(Nanowerk News) A new study by researchers at the University of Cambridge reveals a surprising discovery that could change the future of electrochemical devices. These findings offer new opportunities for the development of advanced materials and performance enhancements in areas such as energy storage, brain-like computing and bioelectronics.
Electrochemical devices rely on the movement of charged particles, both ions and electrons, to function properly. However, understanding how these charged particles move together has presented a significant challenge, hindering progress in creating new materials for these devices.
In the fast-growing field of bioelectronics, soft conductive materials known as conjugated polymers are used to develop medical devices that can be used outside of traditional clinical settings.
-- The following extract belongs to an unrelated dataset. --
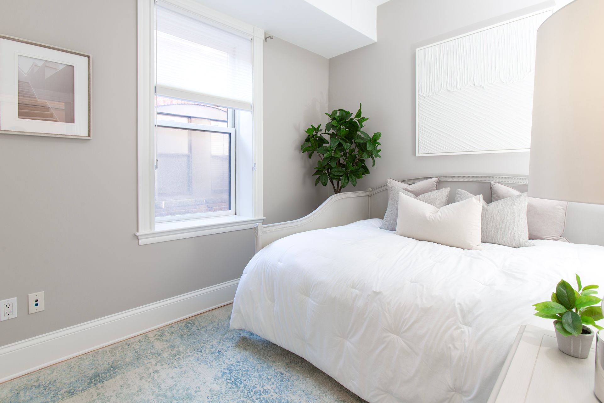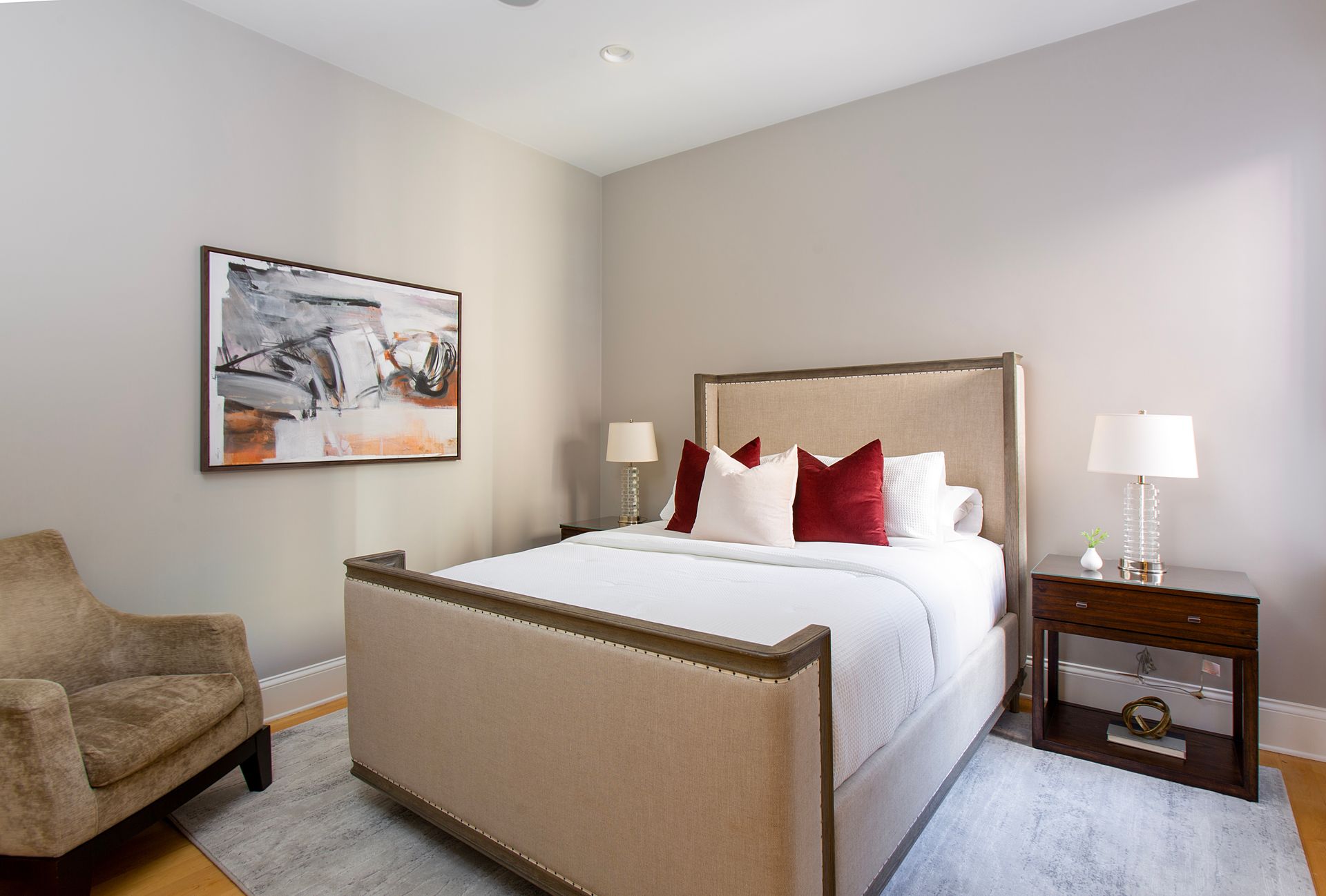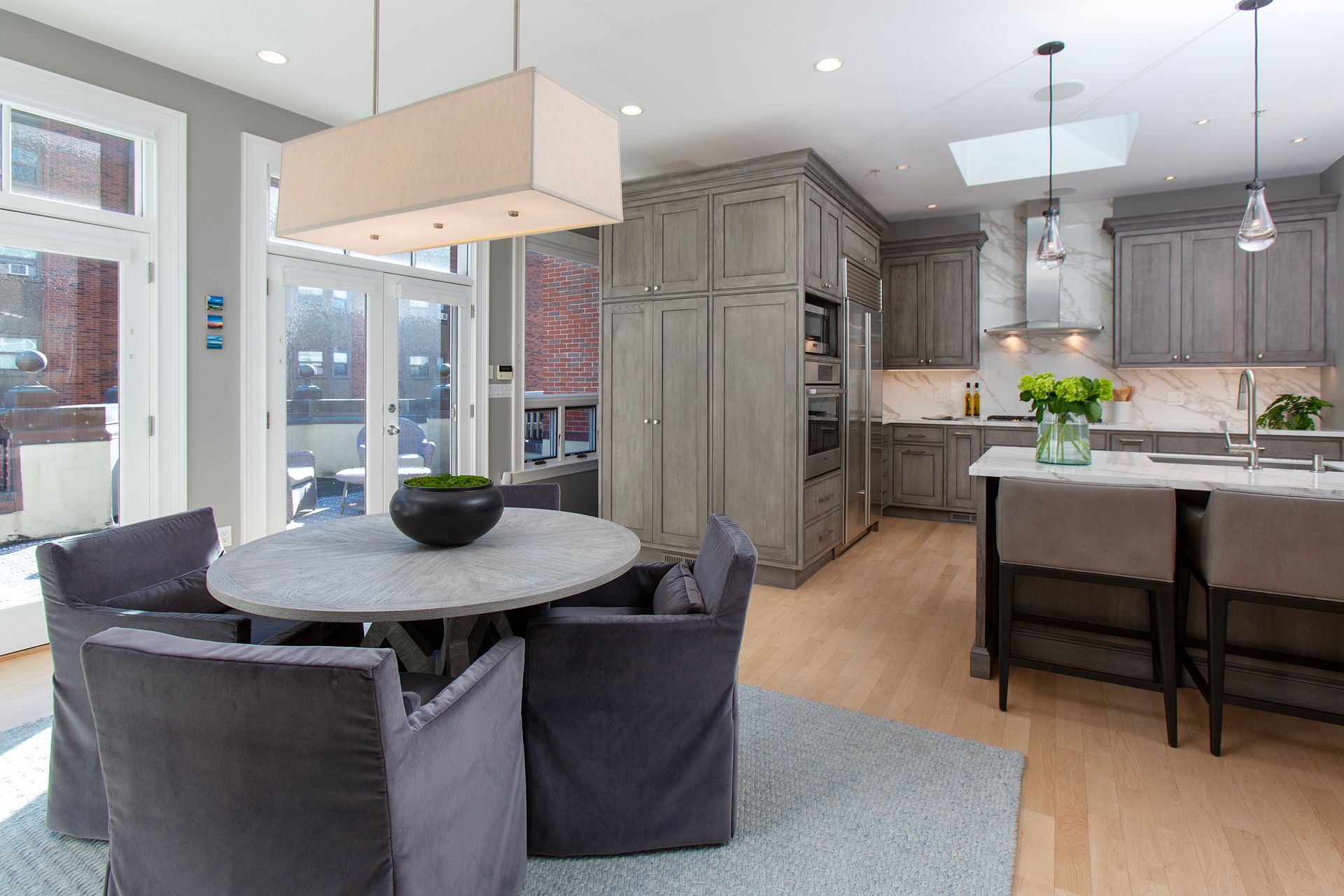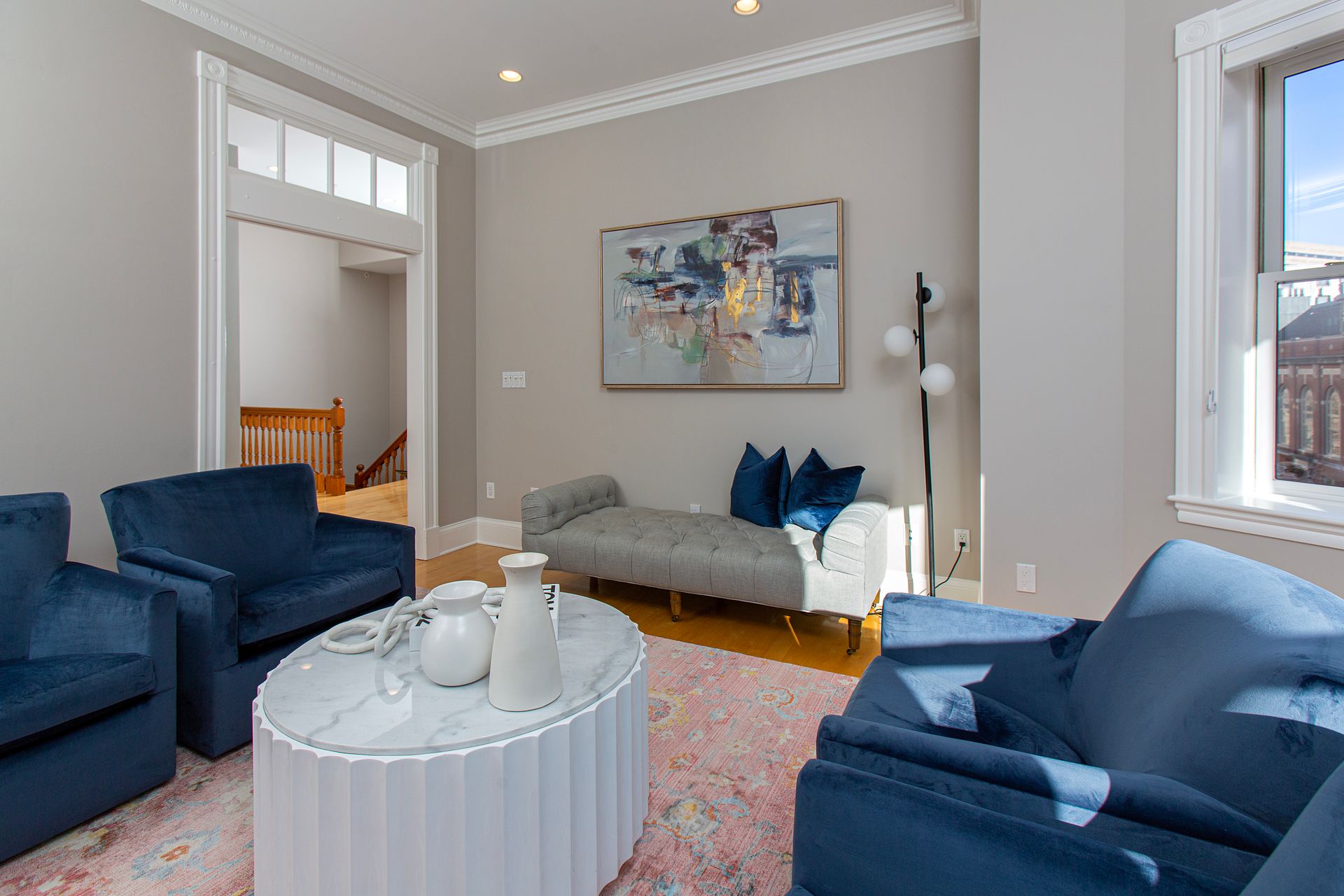 Spacious contemporary PENTHOUSE on the coveted St Botolph Street. Two levels of sun-filled luxurious living with a private 337 sq ft +/- south facing walk out terrace with spectacular city views. Enter on the bedroom level with three generously sized bedrooms, two newly renovated elegant bathrooms with Donna Venegas vanities, a cozy den with fireplace and home office. The upper floor features a wall of windows and an open floor plan with eat-in-kitchen, dining room, living room and powder room. The spacious living room has two skylights, a gas fireplace and a new wet bar with an 18 bottle Marvel wine refrigerator. The stylish skylit Donna Venegas kitchen with a large island, high end appliances, gorgeous new counters and back splash and pantry with plug for your Dyson. Private back door leads to your locked storage closet and deeded parking space. Just steps to Copley Place, The Prudential Mall, the T, countless restaurants and several parks. Enjoy the vibrancy of the city and all that it has to offer.

For example, this type of material could be used to make wearable sensors to remotely monitor a patient’s health or implantable devices that actively treat disease.
The biggest benefit of using conjugated polymer electrodes for this type of device is their ability to seamlessly combine ions, which are responsible for electrical signals in the brain and body, with electrons, carriers of electrical signals in electronic devices. This synergy enhances the connection between the brain and the medical device, effectively translating between these two types of signals.
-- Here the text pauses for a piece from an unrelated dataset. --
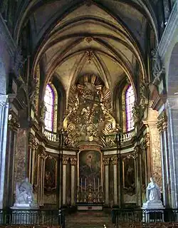 La Descente de croix est une œuvre du troisième quart du XVIIIe siècle réalisée par le peintre Charles-Joseph Natoire[10],[11]. Cette peinture est fortement inspirée de la toile intitulée L'Élévation de la croix de Rubens conservée au cœur de la cathédrale Notre-Dame d'Anvers[10]. Parmi les hommes positionnés sur des échelles posées sur la croix ou au pied de cette dernière pour y décrocher le corps du Christ, on aperçoit Nicodème en haut à gauche, ainsi que Jean vêtu en rouge, soutenant le corps du défunt. On reconnaît au premier plan Marie-Madeleine grâce à sa longue chevelure rousse, et la Vierge installée dans la pénombre au pied de la croix, les mains jointes de douleur[10]. L'accent est mis sur la grande arabesque du linceul, le long duquel descend la dépouille du Christ, en accord avec le vocable de l'abside[10]. Simon de Cyrène tient le bout de ce linceul, coiffé d'un turban. Pierre Rosenberg a découvert un dessin préparatoire ainsi qu'une esquisse peinte de l'œuvre lors d'une vente, qui font à présent partie d'une collection particulière[10]. Cette toile est classée monument historique depuis 1992[11].
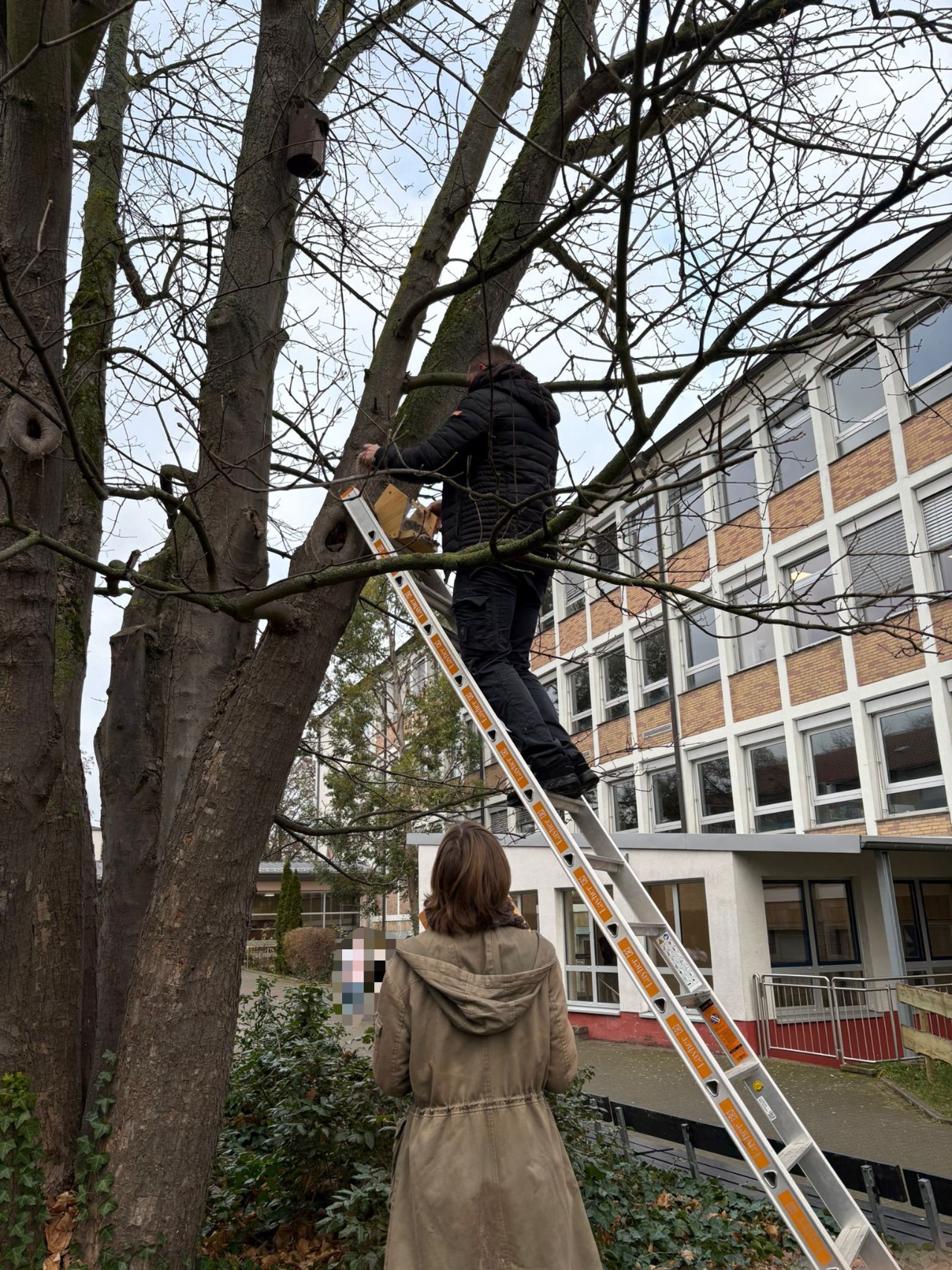 Vielleicht ist einigen eins der vier Vogelfutterhäuser auf dem großen Pausenhof aufgefallen. Mit Hilfe von Herrn Weber wurden sie am 11.12.2025 von uns, der Umwelt-AG, aufgehängt. Der Bau war eins unserer Projekte dieses Halbjahr, um unsere Schule nachhaltiger zu gestalten.

In a recent study on conjugated polymer electrodes, published in Natural Ingredients (“hole-limited electrochemical doping in conjugated polymers”), researchers reported an unexpected finding. It is conventionally believed that the movement of the ions is the slowest part of the charging process because they are heavier than the electrons. However, this research reveals that in conjugated polymer electrodes, the movement of “holes” — empty spaces for electrons to move through — can be a limiting factor in how fast the material fills up.
Using a special microscope, the researchers closely observed the charging process in real time, and found that when the charging rate was low, the movement of the holes was inefficient, causing the charging process to be slower than expected. In other words, and contrary to standard knowledge, the ions move faster than the electrons in this particular material.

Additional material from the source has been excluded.